Mohammed Shtayyeh
Mohammed ShtayyehFlash 90

Palestinian Authority (PA) cabinet leader Mohammad Shtayyeh said on Monday that despite a financial crisis and inability to pay full salary to its employees, the PA would still refuse to accept the tax revenues from Israel through coordination.

Shtayyeh said at the start of the weekly cabinet meeting held in Ramallah that his government still refuses to accept the tax revenues that make up more than 60 percent of the general PA revenues.

“We are continuing with a total halt to ties with the occupation, and we will not allow it to blackmail us, and therefore we will not receive the clearance funds from this month,” he said, according to the WAFA news agency.
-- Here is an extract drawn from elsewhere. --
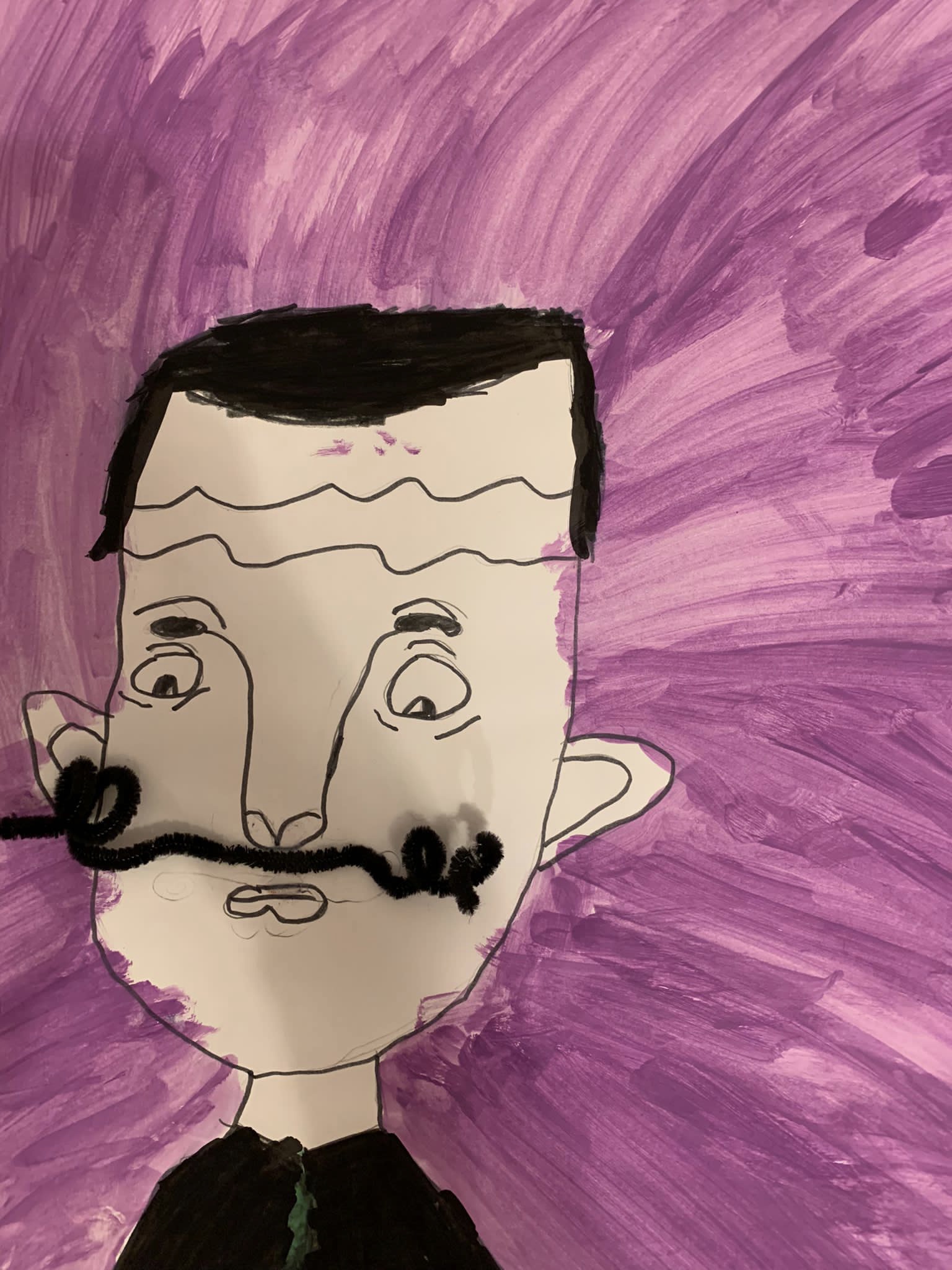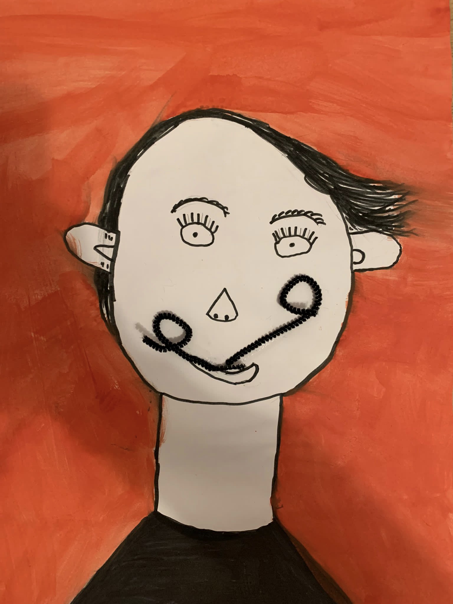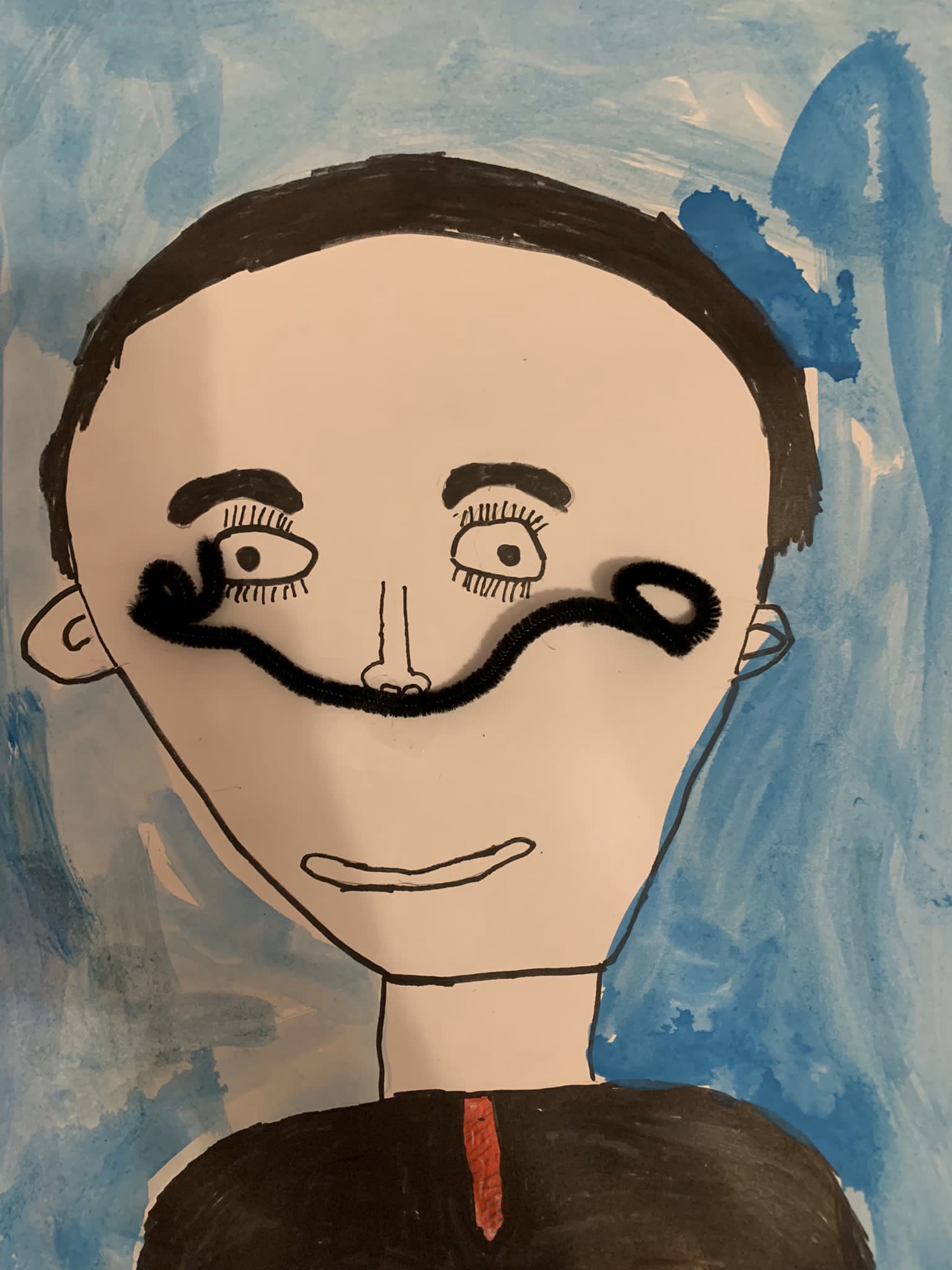 Und genau um diesen Schnurrbart ging es im ersten Bild der Kinder. Nachdem erarbeitet wurde, wie man ein gelungenes Portrait zeichnet, so dass die Augen nicht in der Stirn und der Mund nicht im Kinn sitzen, erstellten die Kinder mit schwarzem Fineliner Zeichnungen dieses berühmten Malers. Der Clou – sein Schnurrbart ist nicht einfach gezeichnet, sondern ein gebogener Pfeifenputzer.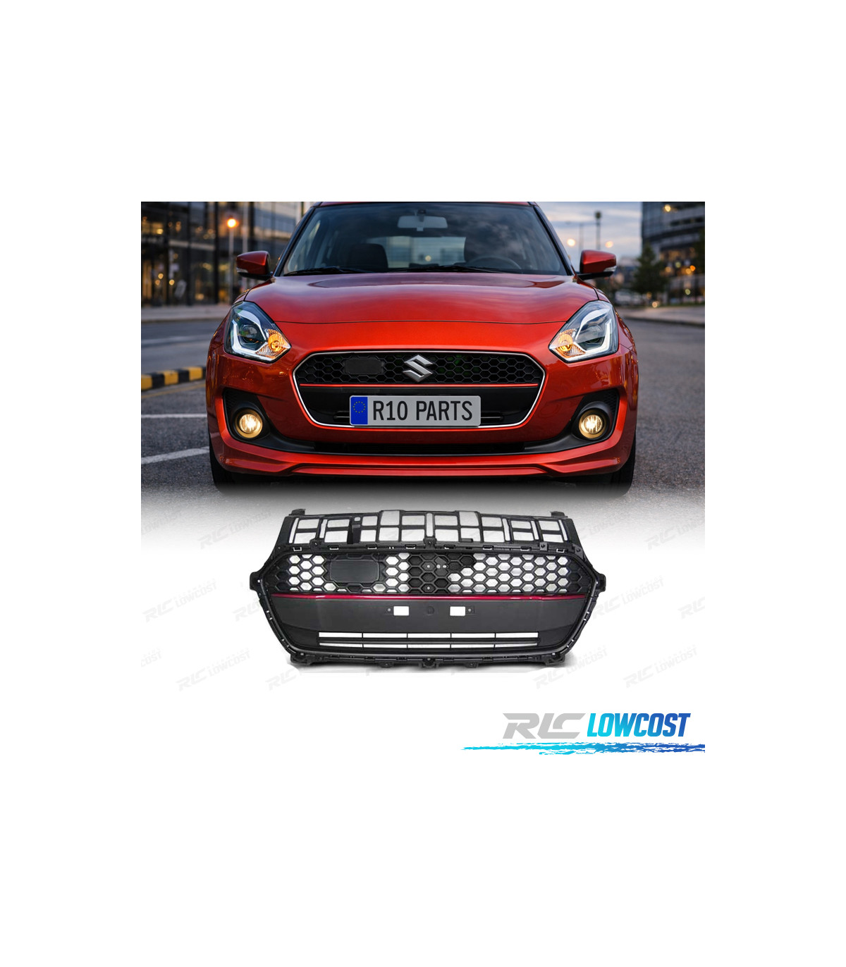 GRELHA FRONTAL SUZUKI SWIFT VI 17-20 LOOK SPORT LINE PRETO VERMELHO

The PA suspended all ties with Israel on May 19 in response to Israel’s plans to apply sovereignty over parts of Judea and Samaria.

In wake of that announcement, the PA stopped receiving around $200 million of tax revenues Israel collects on its behalf on goods and services destined to the PA. Israel insists on delivering the money only through coordination, a step strongly rejected by the PA, which describes it as a “blackmail” attempt.

Shtayyeh called on PA public employees, who number more than 180,000, and who were promised only half salary for the second month in a row, to be patient and steadfast in facing this financial crisis.

"I am confident that with your patience and steadfastness we will be able to overcome this deviation and defeat this colonial settlement project related to annexation,” he said.

PA leaders have expressed outrage over the coalition agreement between Prime Minister Binyamin Netanyahu and Defense Minister Benny Gantz, which stipulates that the government could have applied sovereignty over Judea and Samaria on July 1.

Despite cutting ties with Israel over the move, PA chairman Mahmoud Abbas has repeatedly claimed that he is willing to resume talks with Israel if it abandons the sovereignty plan.

Shtayyeh recently hinted at the possibility that the PLO would cancel its recognition of Israel if it decides, as he put it, to “destroy the possibility of establishing an independent Palestinian state within the June 4, 1967 borders with East Jerusalem as its capital.”

Despite Shtayyeh’s threats, the PA has never accepted the legitimacy of Israel as a Jewish State, and the PLO charter continues to reject the existence of the State of Israel despite the provision of such recognition in the Oslo Accords.